Instructions for the task: Your task is to print all of the data below exactly, with no pictures included.

Input data:
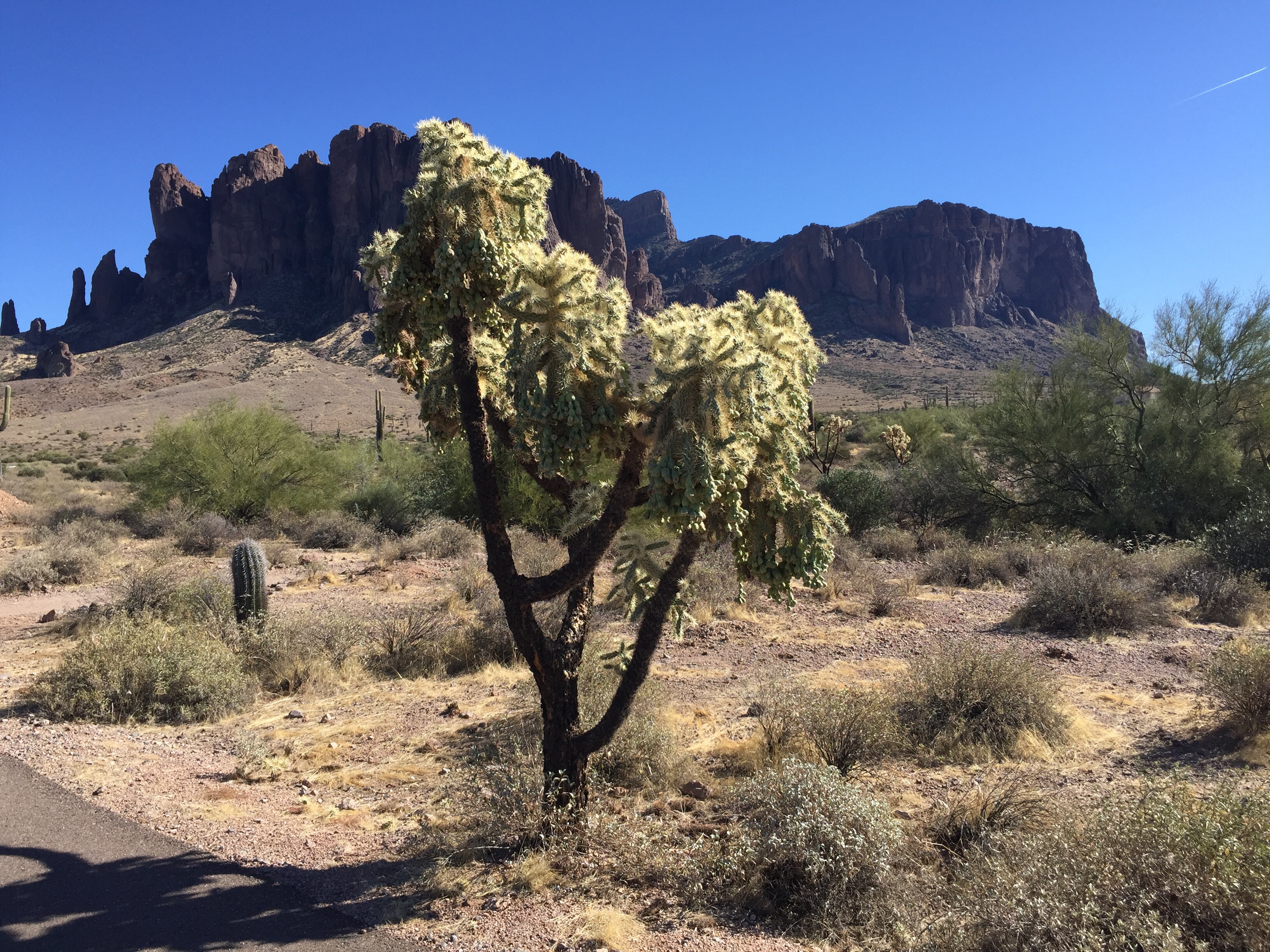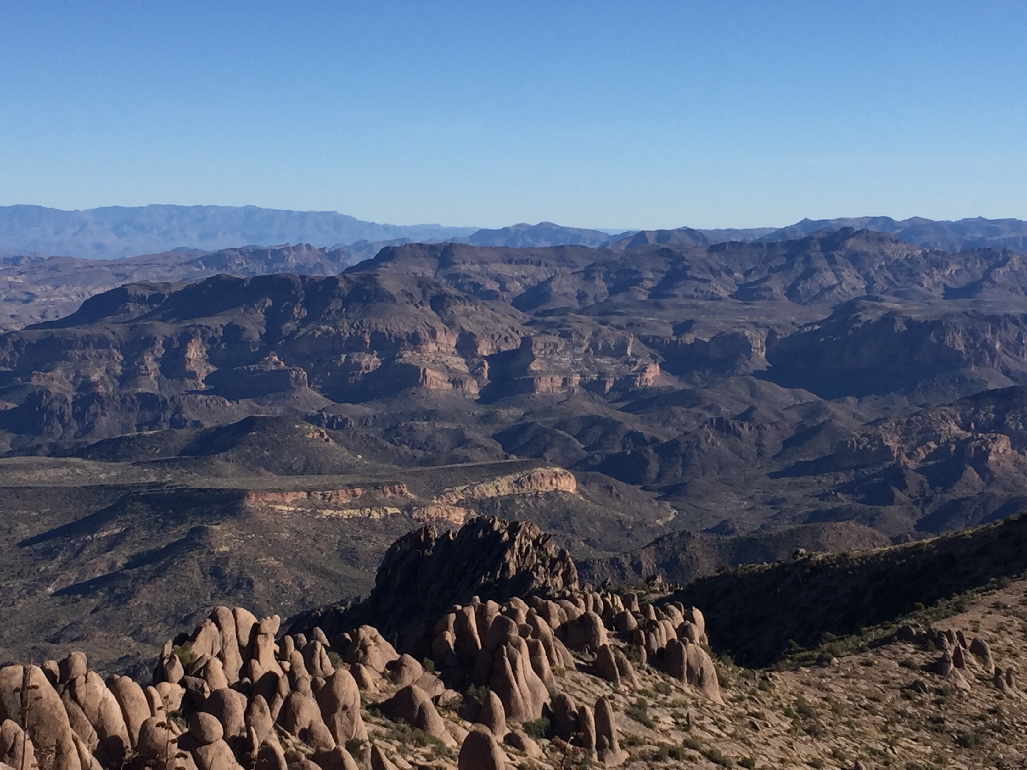 View back to the Superstition Mountains with the Flatiron Mountain top.
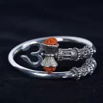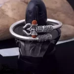 A gorgeous kada for all the lovers of Sankara, Lord Shiva, Bholenath – with exquisite carvings of a Trishul and a turquoise Damroo . This Overlapping Kada can be easily slipped on . Silver kada are a beautiful embellishment for ones’ wrists and can be seen adorned by men. Om Namah Shivaay !
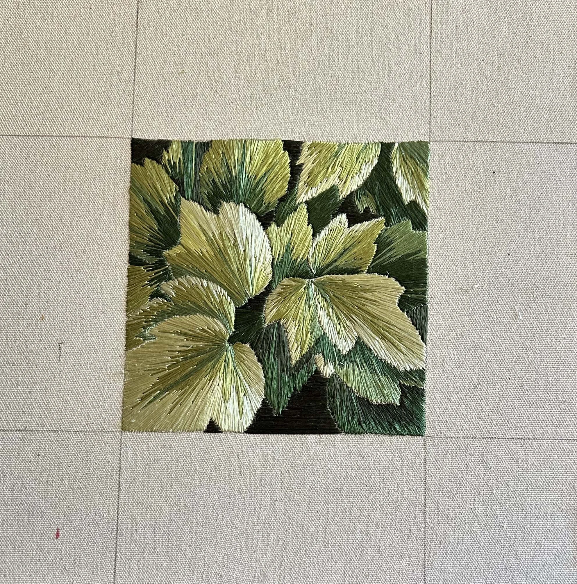 Inspired by the lush summer greens in our blackberry patch. The green gets darker as the layers get deeper, pulling the viewer into an intimate close up. This embroidery uses purely flat silk, with the direction of the stitches directing the direction of the viewer’s eys.
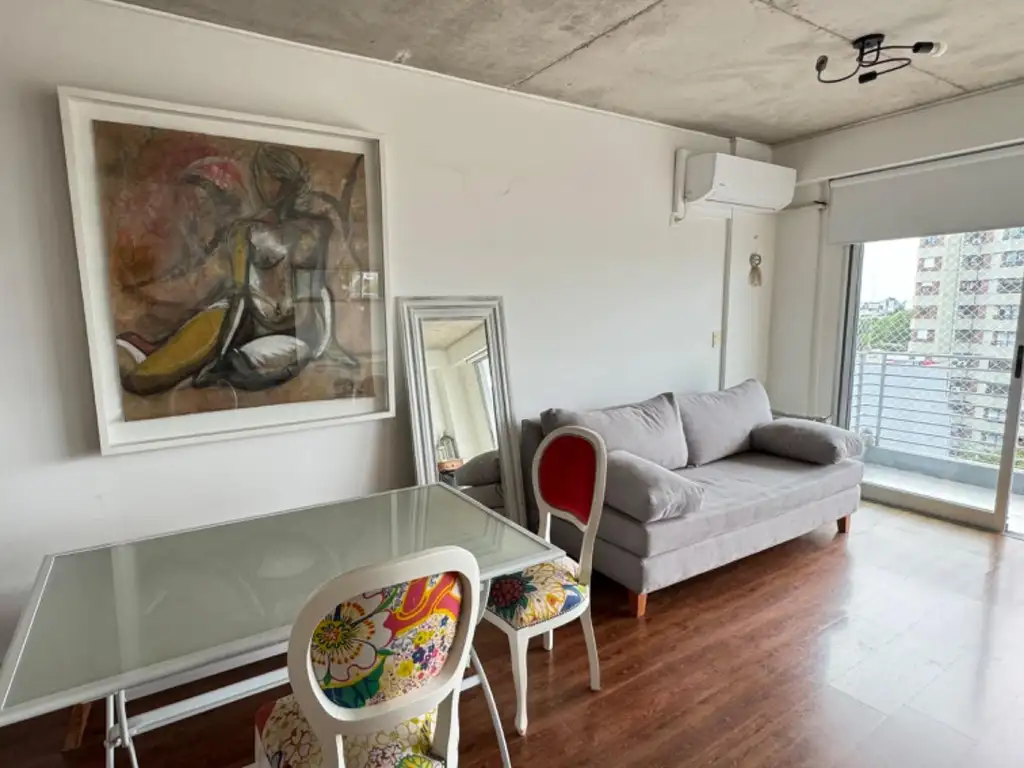 El departamento posee living comedor con placard, cocina semi independiente con muebles altos y bajos, lavadero incorporado, baño completo, hermoso balcon corrido de 8 m2 al contra frente con dos amplios ventanales lo que otorgan muchísima luz y aire natural a la unidad Sus pisos son flotantes, se encuentra instalado aire frío/ calor.

Exercise output:
 View back to the Superstition Mountains with the Flatiron Mountain top.
 A gorgeous kada for all the lovers of Sankara, Lord Shiva, Bholenath – with exquisite carvings of a Trishul and a turquoise Damroo . This Overlapping Kada can be easily slipped on . Silver kada are a beautiful embellishment for ones’ wrists and can be seen adorned by men. Om Namah Shivaay !
 Inspired by the lush summer greens in our blackberry patch. The green gets darker as the layers get deeper, pulling the viewer into an intimate close up. This embroidery uses purely flat silk, with the direction of the stitches directing the direction of the viewer’s eys.
 El departamento posee living comedor con placard, cocina semi independiente con muebles altos y bajos, lavadero incorporado, baño completo, hermoso balcon corrido de 8 m2 al contra frente con dos amplios ventanales lo que otorgan muchísima luz y aire natural a la unidad Sus pisos son flotantes, se encuentra instalado aire frío/ calor.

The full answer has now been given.